» **Data to process**
Content starts
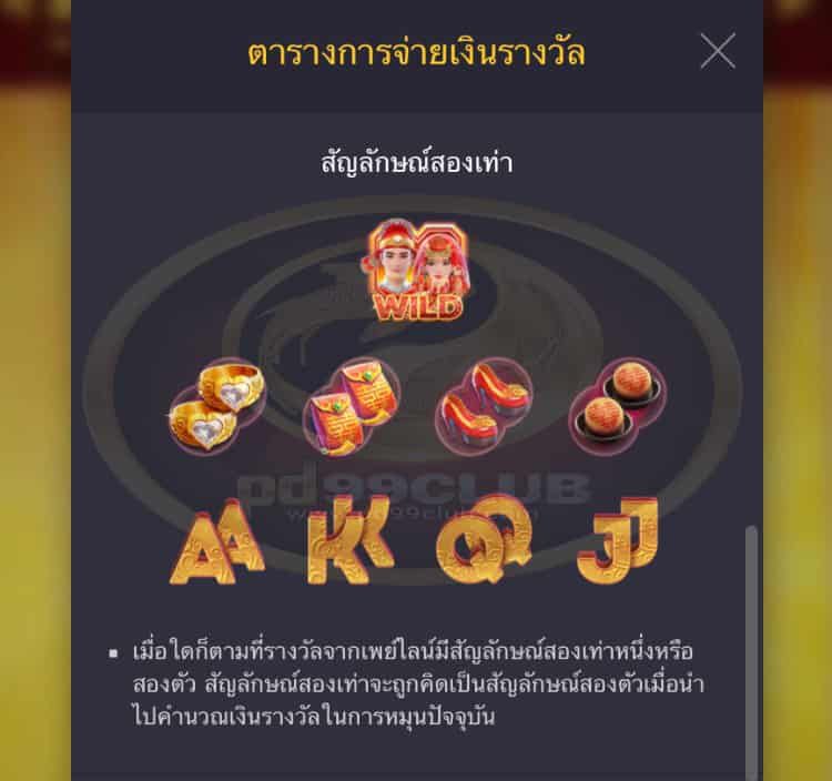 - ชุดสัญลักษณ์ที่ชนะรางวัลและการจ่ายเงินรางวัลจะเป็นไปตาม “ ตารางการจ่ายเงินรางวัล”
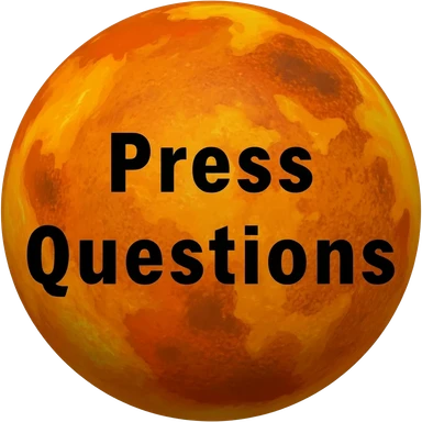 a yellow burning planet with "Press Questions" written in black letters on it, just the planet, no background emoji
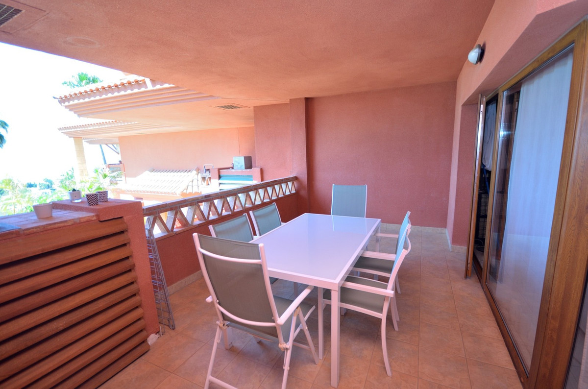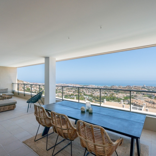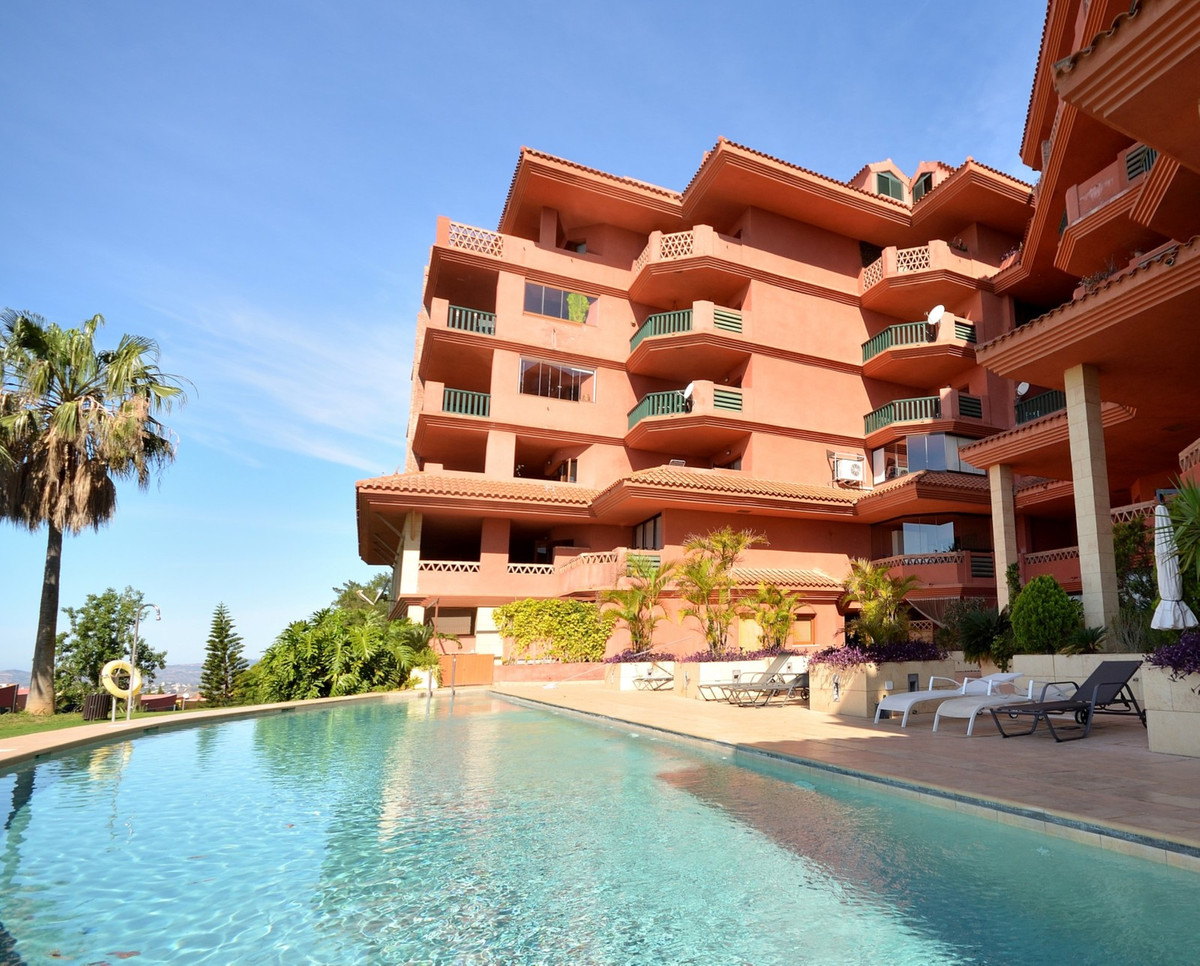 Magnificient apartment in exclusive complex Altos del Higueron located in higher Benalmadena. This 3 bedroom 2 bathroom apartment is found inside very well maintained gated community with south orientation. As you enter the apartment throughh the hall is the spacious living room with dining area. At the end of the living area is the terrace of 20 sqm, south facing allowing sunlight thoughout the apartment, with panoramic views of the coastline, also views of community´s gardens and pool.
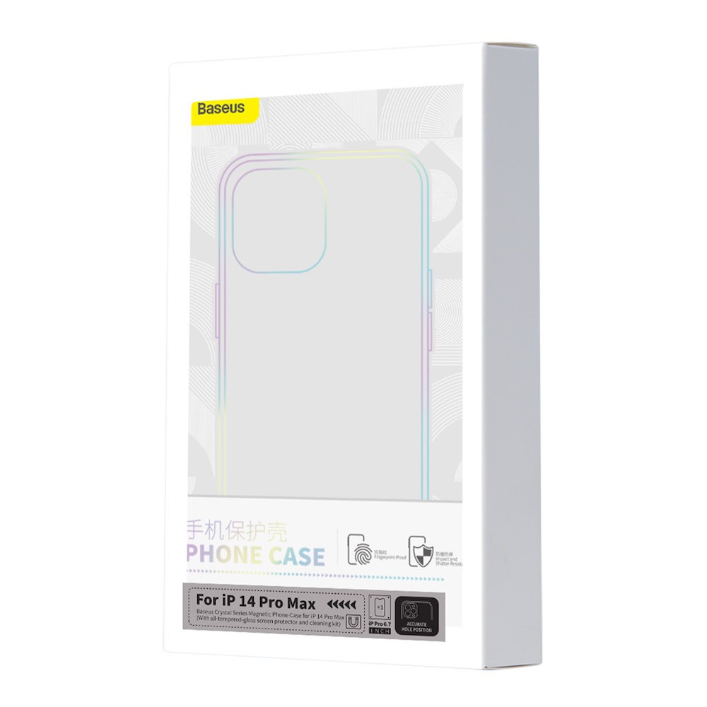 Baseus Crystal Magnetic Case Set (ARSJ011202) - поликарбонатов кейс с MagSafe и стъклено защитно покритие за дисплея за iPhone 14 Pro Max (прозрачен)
Content ends
Content starts
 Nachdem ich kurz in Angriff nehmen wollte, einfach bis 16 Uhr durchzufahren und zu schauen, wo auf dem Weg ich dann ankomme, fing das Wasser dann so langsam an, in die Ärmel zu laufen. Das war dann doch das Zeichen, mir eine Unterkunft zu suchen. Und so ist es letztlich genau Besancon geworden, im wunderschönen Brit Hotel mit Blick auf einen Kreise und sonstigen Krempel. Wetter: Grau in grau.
Content ends
Content starts
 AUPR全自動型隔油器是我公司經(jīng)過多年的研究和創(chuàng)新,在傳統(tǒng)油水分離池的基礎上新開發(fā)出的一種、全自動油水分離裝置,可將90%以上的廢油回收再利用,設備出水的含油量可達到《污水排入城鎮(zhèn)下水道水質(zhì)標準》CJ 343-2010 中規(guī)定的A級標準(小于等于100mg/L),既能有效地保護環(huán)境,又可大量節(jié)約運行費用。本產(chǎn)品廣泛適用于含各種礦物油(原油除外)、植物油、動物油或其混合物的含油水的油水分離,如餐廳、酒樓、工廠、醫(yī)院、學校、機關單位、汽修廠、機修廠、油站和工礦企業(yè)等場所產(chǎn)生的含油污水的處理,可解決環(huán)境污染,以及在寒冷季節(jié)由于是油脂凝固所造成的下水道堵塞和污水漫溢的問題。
Content ends
» **Problem description**
Leaving each picture behind, please give again exactly the lines above from the one with "a yellow burning" through the one with "Baseus Crystal Magnetic", both included, and no others.

» **Result of the exercise**
 a yellow burning planet with "Press Questions" written in black letters on it, just the planet, no background emoji
 Magnificient apartment in exclusive complex Altos del Higueron located in higher Benalmadena. This 3 bedroom 2 bathroom apartment is found inside very well maintained gated community with south orientation. As you enter the apartment throughh the hall is the spacious living room with dining area. At the end of the living area is the terrace of 20 sqm, south facing allowing sunlight thoughout the apartment, with panoramic views of the coastline, also views of community´s gardens and pool.
 Baseus Crystal Magnetic Case Set (ARSJ011202) - поликарбонатов кейс с MagSafe и стъклено защитно покритие за дисплея за iPhone 14 Pro Max (прозрачен)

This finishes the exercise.